Состав русского общества

Петербург – шляпа России и, разумеется, треугольная. Москва – сердце, испорченное аневризмою от беспрестанных воздыханий; провинция – туловище, просыпающееся после буйного похмелья с желанием почесать голову и спросонья принимающее шляпу за голову.

Клеветники говорят, что у этого животно-растения голова находится в Нерчинске.

I

Петербург бредит наукою, но не учится, как чиновник. У Петербурга душа на Западе, воображение на запятках у первой новизны, а голова в распоряжении у парижского парикмахера. В Петербурге просвещение заменено газовым освещением, и в то же самое время в нем нет религии, а только одна веротерпимость. В Петербурге церкви – аренды попов и оселки, на которых пробуются таланты архитекторов. В будни звон к обедне – барабанный призыв к должностям; в праздник – повестка к визитам и ничегонеделанию. В Петербурге нравственную потребность составляют гауптвахты. Петропавловская крепость есть осьмой вселенский собор, где изменяются и образы мыслей и образы мыслителей. В день Петербург не принадлежит себе: это – труп, в форменном мундире, восседающий над финскими гранитами или без очей бегающий по финским гранитам. К вечеру Петербург, как сурок к весне, возвращает все свои отсутствующие способности, садится за преферанс, на выигрыш, и никогда не проигрывает, как чиновник.
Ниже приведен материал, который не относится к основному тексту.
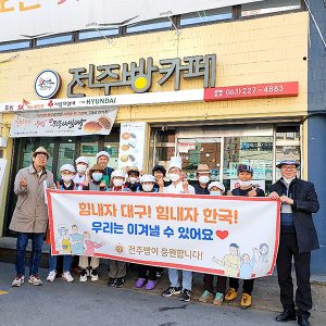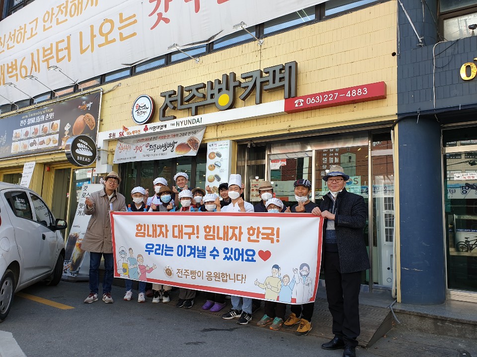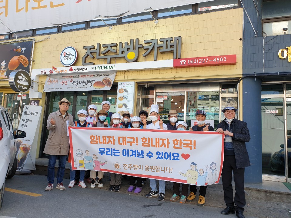 [사진] 사회적기업 전주비빔빵의 든든한 응원 – 매출 90% 급감에도 대구·경북지역 의료진들 위한 ‘전주비빔빵 전달’ 2020. 03. 09 SK이노베이션 [사진] 사회적기업 전주비빔빵의 든든한 응원 – 매출 90% 급감에도 대구·경북지역 의료진들 위한 ‘전주비빔빵 전달’ AI 요약 AI 보이스 ▲ 사회적기업 천년누리에서 운영하는 ‘전주빵카페’는 코로나19로 인해 밤낮 없이 환자 치료에 매진하고 있는 대구, 경북지역 의료진들에게 조금이라도 힘이 되기 위해 2000만원 상당의 제과류를 대한적십자에 전달했다. 미디어 키트 이전글 다음글 연관 콘텐츠 ENERGY INSIGHT 에너지 전쟁 시대, 해외자원개발로 극복한다 2023.03.09 사회적가치 뉴스 PEOPLE & CULTURE ‘사회적기업 어벤져스’, 대구·경북 지역 코로나19 극복 위해 나서다! 2020.03.16 사회적가치 뉴스 PEOPLE & CULTURE “어려울수록 서로 도와야죠” 사회적기업 전주비빔빵의 든든한 응원 – 매출 90% 급감에도 대구·경북지역 의료진들 위한 ‘전주비빔빵 전달’ 2020.03.09 . 욱신욱신 손목 통증, 간단한 손목 운동으로 극뽁 :) 2017.11.03

В ночь Петербург, улелеянный вином и покупными наслаждениями, спит всей своей массой до 9 часов утра. Вельможные развратники боятся оргий, как потери мест, и развратничают тайно, засыпая следы свои грудами золота. Они с 9 до 1-го часу пополудни занимают свой ум практическою философиею и этою золотою порою техническими орудиями копают могилы для своих приятелей и, по всем правилам дипломатической медицины, уложив их себе под ноги, воют о скоропостижно усопших, как наемные плакальщицы. Наконец, у Петербурга пять благоприобретенных добродетелей: он перед начальником – щенок: перед подчиненным – волк; с женщинами – евнух; перед искусством – раб и только перед рабом – господин.

II

Москва, вечно заботящаяся о недостатках своего незаконнорожденного сына – маркиза С.-Петербурга, только ждет железной дороги, чтобы лично удостовериться в этих нелепых слухах и умереть от ужаса на берегах Невы. В настоящее же время первопрестольная Москва занимается сплетнями, которые известны в Москве под фирмою очистительной критики. Далее, Москва под колокольный звон молится о прегрешениях русского мира, а за свои собственные накладывает на себя посты и, во всю длину их, изнуряется стерляжьею ухою на шампанском и чахнет за православною кулебякою с фаршированною осетриною. Потом, перед сварением пищи, смеется за повестями Гоголя, которые она выменяла на дураков, арапчонков и карлиц; потом, для сварения пищи, дремлет под диспуты отставных профессоров; потом просыпается для преферанса, чтобы проиграть и никогда не выигрывать, как свободная помещица.